Saturday 26 January 2008

Released by: Africa Centre, Comhlámh, Christian Aid Ireland, Debt and Development Coalition Ireland, Latin America Solidarity Centre, Oxfam Ireland and Trócaire.

 

Irish NGOs Call on Davos Leaders to Put Poor People First


Today, Irish development organisations and campaign groups called on world leaders to put the interests of people living in poverty at the heart of global policy making.

Marking the annual World Economic Forum being held this week in Davos, Switzerland, campaigners staged a protest in front of the Central Bank in Dublin's city centre to highlight the effect of damaging global economic policies on people in the developing world.

"Powerful global actors are meeting in Davos. They have the power to take decisions that will end the exploitation of poor countries. The global economy has been structured to benefit rich countries and companies at the expense of the poor. We need to see a radical shift in the policies being pursued by these powerful governments and corporations," said Nina Sachau, Policy and Campaigns Officer, Comhlámh.

Today's protest is part of a Global Day of Action to mark the annual World Social Forum, which brings together environmental and social justice campaigners and activists from around the world. The World Social Forum is this year being marked by more than 430 events and protests in 85 countries across the globe highlighting the impact of profit driven globalisation on the poor coinciding with the World Economic Forum.

"Ireland plays a significant role in shaping global agreements which often favour business at the expense of ordinary people," said Dr. David McNair, Policy and Advocacy Officer for Christian Aid Ireland. "Trade agreements, such as the European Union-led Economic Partnership Agreements open up developing country markets without regard to the negative impact on jobs, livelihoods or public services," continued Mr. McNair

Campaigners also criticised the Irish Government's support for international financial institutions which impose policies on poor countries and deepen poverty.

"Ireland is undermining the sovereignty of impoverished countries by supporting the World Bank's practice of imposing economic policy conditions on poor countries. These economic policy recommendations have often had disastrous effects on impoverished countries around the world. Ireland should insist that the World Bank cease this outrageous practice immediately," said Nessa Ní Chasaide of Debt and Development Coalition Ireland.

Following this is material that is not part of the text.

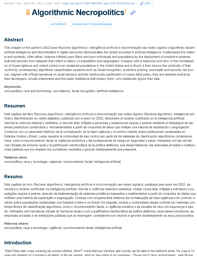 Chapter: Fighting Algorithmic RacismInput: A.I. and Racial Discrimination in BrazilInterview: How AI reinforces racism in BrazilAudiobook: Algorithmic RacismEdited Collection: Afrodiasporic Thought on Digital Communities, Activism and AlgorithmsEdited Collection: Brazilian Griots and Digital TechnologiesPaper: Algorithmic Necropolitics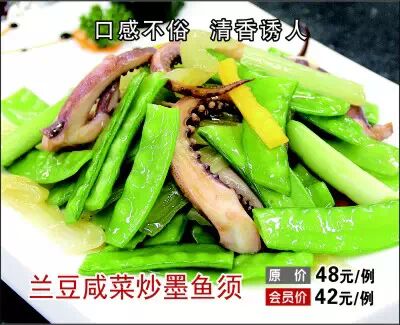 兰豆和咸菜富含食用纤维和矿物质元素,与墨鱼须配搭炒制,口感不俗,清香诱人。

For more information contact:

Nessa Ní Chasaide, Debt and Development Coalition Ireland, ph: 087 750 7001;David McNair, Christian Aid Ireland, ph: 085 710 5897; Nina Sachau, Comhlámh, ph: 087 9590142
Paul O'Mahony, Comhlámh, ph: 087 965 3877


Notes to the Editor

1. Economic Partnership Agreements (EPAs) between the European Union and African, Caribbean and Pacific Countries, are one example of how profit driven globalisation hurts the poor. The EU has aggressively pushed EPAs which require developing countries to open their markets to competition from European goods. These agreements, many of which are agreed or partly agreed will likely lead to losses of jobs, livelihoods, government revenue and restrict the ability of poor countries to choose their own paths out of poverty.

2. The Irish government committed in December 2007 to increasing Ireland's contribution to the World Bank's International Development Association from €70 million to €90 million. The World Bank, currently link conditions to its funding for developing countries, meaning that when an aid package is finalised between the World Bank and an impoverished country, a set of policy recommendations are included as conditions of the loan contract. These economic policy recommendations have often had disastrous effects on impoverished countries around the world. For example in Mali, where 90 per cent of the population live on less than two dollars a day, the World Bank deliberately prevented the Malian government from accessing more aid on the grounds of its failure to privatise its cotton industry. Liberalisation of the cotton sector saw three million Malian farmers experience a 20 per cent drop in the price they received for their cotton in 2005. And private ownership of the Malian electricity company has resulted in minimal expansion in electricity coverage and dramatic price increases for consumers.